This beautiful waxeye is one of Roger Moroney's favourite birds. Photo / NZME
I like feeding birdies.
It is a strangely rewarding thing, knowing that without the crumbled remnants of a bread crust the small but well-winged chaps, and their girly chums of course, would struggle for a feed.
Well not struggle, for there is tucker out there, but I like the senseof providing a bit of an additional smorgasbord to the snacks they pursue to stuff into their stomach-stuff places.
We put seeds and things out also, so they have a choice, although we don't do desserts.
My enjoyment of feeding birdies goes back to the days growing up on the beachfront where after tea every night, one of us had the duty of "feeding the birds".
Two days after the scheduled Ranfurly Shield nuzzle with Waikato was abandoned I heard, and saw, two magpies in a tall tree in a nearby schoolyard down the road.

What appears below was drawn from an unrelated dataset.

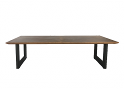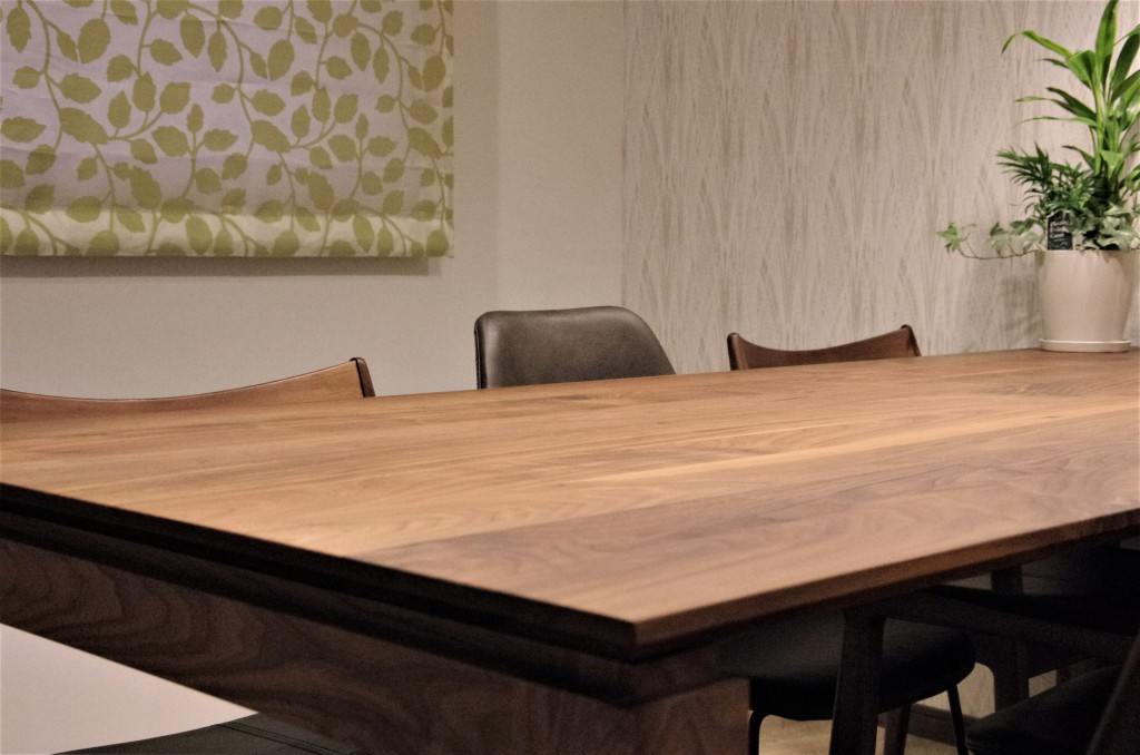 天板が浮いているようなデザインで、無垢の重厚感のある感じを和らげた、モダンテイストのテーブルです。

Hadn't seen the squawking black-and-white birdies for more than a year or so.
But there they were ... a couple of days after the Magpies (in jerseys and sensible shorts) had been locked in to play the mooloo cow chasers from up north.
It was kind of eerie.
Out of the blue, which of course is where the birdies come from.
Did they know something was amiss?
This whole state of things does have a sporting touch I suppose.
Someone, just the one, was caught offside but our whole team was red carded.
But enough of that ... I'm over it.
A week before I saw the magpies (the feathered and trouserless ones) I watched as a beautiful native pigeon soared magnificently down a tree-accompanied street up near McLean Park (where the shield match was going to take place so yeah ... another weird connection?)
I hadn't seen a great native pigeon in the city since one actually perched up in our silver birch tree about a decade back.
While the great pigeons are hard to spot in the land of urbanity it seems the tui, the dear parson bird, has become more comfortable and familiar with this part of the land.
We see them two or three times a week now in the neighbouring trees ... where they show off their vocal abilities so sharply I occasionally end up applauding ... and yep, they fly off.
I remember one of the grandkids remarking they had seen a bird with a white bib on and that it "barked like a dog".
I bewildered them by saying we had a tui in the small tree down the back and it had been nesting there for about a fortnight.
"That's what happens when you throw empty cans into the air," I jested ... to a rightly blank response.
So here we are, in the early stages of spring, despite the temperatures telling us otherwise, and the birdies are getting louder.
For they are seeking partnerships, and seeking clumps of dried grass, straw, shredded string and cloth to join the building trade.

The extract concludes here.